Refer to the root `README.md` for the complete endpoint tables.

## Diagnostics & Tenant Isolation

Use the helper scripts in the repo root when validating backend changes:

- `python verify_tenant_isolation.py` – Exercises analytics logging, admin rule CRUD, API reachability, and proves RAG tenant isolation by ingesting + querying as multiple tenants.
- `python check_rag_database.py` – Talks directly to the pgvector database to list tenant IDs, preview stored chunks, and run safeguarded searches via `search_vectors()`. Helpful when troubleshooting suspected cross-tenant leakage.
- `python verify_supabase_setup.py` – Verifies Supabase configuration and shows which backend (Supabase or SQLite) each store is using.
- `python check_supabase_rules.py` – Checks Supabase admin rules configuration and RLS policies.
- `python migrate_sqlite_to_supabase.py` – One-shot migration script to copy existing SQLite data to Supabase.
- `python test_manual.py` – Legacy manual smoke test harness (analytics store, admin rules, API surface).

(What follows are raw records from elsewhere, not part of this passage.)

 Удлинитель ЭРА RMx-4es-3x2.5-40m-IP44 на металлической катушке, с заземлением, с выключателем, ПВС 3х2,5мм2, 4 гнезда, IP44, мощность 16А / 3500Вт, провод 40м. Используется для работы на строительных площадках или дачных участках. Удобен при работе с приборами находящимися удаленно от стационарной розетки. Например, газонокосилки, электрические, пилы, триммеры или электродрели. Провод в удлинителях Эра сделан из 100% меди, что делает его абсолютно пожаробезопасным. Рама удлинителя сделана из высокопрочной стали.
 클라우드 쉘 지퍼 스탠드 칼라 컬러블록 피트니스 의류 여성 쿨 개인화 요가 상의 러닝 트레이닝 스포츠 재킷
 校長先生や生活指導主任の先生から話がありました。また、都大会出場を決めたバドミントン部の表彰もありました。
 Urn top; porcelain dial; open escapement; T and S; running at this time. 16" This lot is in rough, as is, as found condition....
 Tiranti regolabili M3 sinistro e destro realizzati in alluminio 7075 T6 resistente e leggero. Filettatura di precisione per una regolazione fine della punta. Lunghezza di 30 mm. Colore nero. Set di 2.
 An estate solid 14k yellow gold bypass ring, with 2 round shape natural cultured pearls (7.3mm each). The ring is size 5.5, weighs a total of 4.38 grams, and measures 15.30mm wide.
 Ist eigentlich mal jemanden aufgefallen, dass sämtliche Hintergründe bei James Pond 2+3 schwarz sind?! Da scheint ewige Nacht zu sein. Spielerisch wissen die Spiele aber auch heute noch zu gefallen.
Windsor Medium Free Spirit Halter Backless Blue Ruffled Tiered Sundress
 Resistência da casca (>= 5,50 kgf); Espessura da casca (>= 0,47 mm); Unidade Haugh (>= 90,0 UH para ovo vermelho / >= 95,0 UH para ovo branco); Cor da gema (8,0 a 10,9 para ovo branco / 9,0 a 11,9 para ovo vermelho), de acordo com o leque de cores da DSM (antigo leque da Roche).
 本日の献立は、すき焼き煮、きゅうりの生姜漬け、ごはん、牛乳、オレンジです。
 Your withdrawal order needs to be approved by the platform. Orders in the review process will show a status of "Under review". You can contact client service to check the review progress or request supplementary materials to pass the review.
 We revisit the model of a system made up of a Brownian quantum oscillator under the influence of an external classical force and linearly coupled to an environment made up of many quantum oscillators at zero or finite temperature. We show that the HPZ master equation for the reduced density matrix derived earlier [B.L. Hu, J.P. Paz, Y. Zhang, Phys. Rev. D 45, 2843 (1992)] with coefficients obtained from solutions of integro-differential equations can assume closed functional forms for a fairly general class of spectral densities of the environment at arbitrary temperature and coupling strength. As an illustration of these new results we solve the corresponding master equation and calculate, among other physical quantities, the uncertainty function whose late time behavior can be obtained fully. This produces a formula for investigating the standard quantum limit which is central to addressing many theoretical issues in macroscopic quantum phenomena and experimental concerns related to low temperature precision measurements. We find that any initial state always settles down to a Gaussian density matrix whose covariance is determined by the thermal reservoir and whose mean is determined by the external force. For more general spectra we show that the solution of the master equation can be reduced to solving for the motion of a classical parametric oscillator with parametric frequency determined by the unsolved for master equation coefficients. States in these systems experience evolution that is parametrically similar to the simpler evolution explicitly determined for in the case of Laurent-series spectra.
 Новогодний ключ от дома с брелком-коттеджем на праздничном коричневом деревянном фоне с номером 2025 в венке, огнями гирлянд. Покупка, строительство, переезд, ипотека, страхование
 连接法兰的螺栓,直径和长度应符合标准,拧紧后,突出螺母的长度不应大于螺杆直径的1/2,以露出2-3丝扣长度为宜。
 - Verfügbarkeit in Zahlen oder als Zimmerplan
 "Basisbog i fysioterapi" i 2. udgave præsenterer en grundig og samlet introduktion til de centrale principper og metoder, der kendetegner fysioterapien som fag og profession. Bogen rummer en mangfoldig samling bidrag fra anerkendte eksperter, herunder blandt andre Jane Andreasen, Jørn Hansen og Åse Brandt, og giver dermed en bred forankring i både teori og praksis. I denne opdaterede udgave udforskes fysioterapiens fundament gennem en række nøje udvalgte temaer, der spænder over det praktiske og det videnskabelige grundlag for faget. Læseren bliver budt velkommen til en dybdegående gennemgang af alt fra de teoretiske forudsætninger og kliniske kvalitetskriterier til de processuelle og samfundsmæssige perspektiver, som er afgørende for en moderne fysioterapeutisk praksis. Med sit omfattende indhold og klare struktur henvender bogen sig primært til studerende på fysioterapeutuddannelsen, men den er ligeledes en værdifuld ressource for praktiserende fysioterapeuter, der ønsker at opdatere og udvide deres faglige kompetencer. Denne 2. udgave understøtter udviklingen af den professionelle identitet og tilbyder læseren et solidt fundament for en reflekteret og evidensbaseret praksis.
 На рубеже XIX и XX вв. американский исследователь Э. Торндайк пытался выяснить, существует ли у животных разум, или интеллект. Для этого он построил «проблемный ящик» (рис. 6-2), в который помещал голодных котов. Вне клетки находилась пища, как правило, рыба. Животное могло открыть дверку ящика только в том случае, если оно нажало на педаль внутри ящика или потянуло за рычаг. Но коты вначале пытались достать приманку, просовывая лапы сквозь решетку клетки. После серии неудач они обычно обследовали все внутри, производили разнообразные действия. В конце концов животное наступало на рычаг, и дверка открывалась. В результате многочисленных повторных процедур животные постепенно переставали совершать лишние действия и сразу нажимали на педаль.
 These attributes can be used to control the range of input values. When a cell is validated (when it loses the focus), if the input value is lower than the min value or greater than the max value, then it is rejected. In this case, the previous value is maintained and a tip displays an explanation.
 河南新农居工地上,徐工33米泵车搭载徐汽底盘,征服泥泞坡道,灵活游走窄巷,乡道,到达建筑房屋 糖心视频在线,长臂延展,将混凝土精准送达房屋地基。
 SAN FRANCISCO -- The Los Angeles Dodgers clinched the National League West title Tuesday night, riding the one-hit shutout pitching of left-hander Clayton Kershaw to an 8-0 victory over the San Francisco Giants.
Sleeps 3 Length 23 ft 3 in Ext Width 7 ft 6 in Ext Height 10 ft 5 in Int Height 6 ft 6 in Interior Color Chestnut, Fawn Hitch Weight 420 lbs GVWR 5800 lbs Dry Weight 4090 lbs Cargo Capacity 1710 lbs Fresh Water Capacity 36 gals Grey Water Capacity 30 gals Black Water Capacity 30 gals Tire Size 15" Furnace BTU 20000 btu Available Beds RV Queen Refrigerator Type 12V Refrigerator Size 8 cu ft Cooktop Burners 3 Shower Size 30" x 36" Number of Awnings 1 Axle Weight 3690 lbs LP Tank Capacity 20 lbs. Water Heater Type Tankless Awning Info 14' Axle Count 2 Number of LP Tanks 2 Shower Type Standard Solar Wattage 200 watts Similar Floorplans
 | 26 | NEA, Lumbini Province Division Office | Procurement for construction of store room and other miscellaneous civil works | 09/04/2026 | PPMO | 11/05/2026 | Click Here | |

> **Troubleshooting tip:** If the isolation script reports a failure, first run `check_rag_database.py` to confirm documents are tagged with the correct `tenant_id`, then restart the unified MCP server so it reloads the updated SQL filtering logic.

## Recent Improvements

### Tenant ID Normalization
- All database operations now normalize tenant IDs to handle whitespace and formatting differences
- Documents can be listed and deleted consistently even if stored with slightly different tenant_id formatting
- The system automatically matches tenant IDs after normalization, ensuring operations work across different input formats

### HTTP Endpoint Support
- Added GET support for `/rag/list` endpoint (previously POST-only)
- Added DELETE support for `/rag/delete/{document_id}` and `/rag/delete-all` endpoints
- All endpoints support both MCP protocol (POST with JSON payload) and direct HTTP methods (GET/DELETE with query parameters)

### Response Format
- MCP server responses are wrapped in a standard format with `status`, `data`, and `metadata` fields
- RAG client automatically unwraps responses for seamless integration
- Error responses include detailed messages for better debugging

### RAG Search Enhancements
- **Lowered default threshold** from 0.5 to 0.3 for improved recall of relevant documents
- **Intelligent fallback mechanism** returns the top result even if similarity score is below threshold, ensuring knowledge base content is always accessible
- **Configurable threshold** via `threshold` parameter in search requests (default: 0.3)
- **Enhanced tool selection** automatically triggers RAG for admin questions, fact lookups ("who is", "what is"), and internal knowledge queries
- **Response unwrapping** in MCP client ensures orchestrator receives properly formatted results for tool scoring and prompt building

### Conversation Memory System
- **Short-Term Memory**: Automatic storage of tool outputs per session with configurable size limits (default: 10 outputs) and TTL (default: 900 seconds / 15 minutes)
- **Session-Based Isolation**: Memory is keyed by `session_id` (not `tenant_id`) for safety, ensuring no cross-tenant data mixing
- **Automatic Injection**: Recent memory is automatically injected into tool payloads as a `memory` field, enabling tools to make context-aware decisions in multi-step workflows
- **Auto-Expiration**: Memory entries automatically expire after TTL or can be explicitly cleared via `end_session`/`endSession` flag
- **Configuration**: Tune behavior via environment variables:
  - `MCP_MEMORY_MAX_ITEMS`: Maximum number of tool outputs to keep per session (default: 10)
  - `MCP_MEMORY_TTL_SECONDS`: Time-to-live for memory entries in seconds (default: 900)
- **Comprehensive Testing**: Full test suite in `backend/tests/test_conversation_memory.py` covering storage, retrieval, expiration, and multi-step workflows

### UI Enhancements (app.py)
- **Knowledge Base Library Tab**: 
  - Statistics cards showing document counts by type
  - Interactive Plotly pie chart for document type distribution
  - Semantic search with relevance scoring
  - Type filtering (text, PDF, FAQ, link)
  - Document management with preview and deletion
  - Auto-refresh after operations

- **Admin Analytics Tab**:
  - Statistics cards for key metrics (queries, users, red flags, RAG searches)
  - Interactive Plotly bar charts for tool usage, latency, and RAG quality
  - Detailed tool usage table with performance metrics
  - Formatted summary with dark theme styling
  - Real-time data fetching and visualization
  - **Access**: All roles can view analytics (viewer, editor, admin, owner)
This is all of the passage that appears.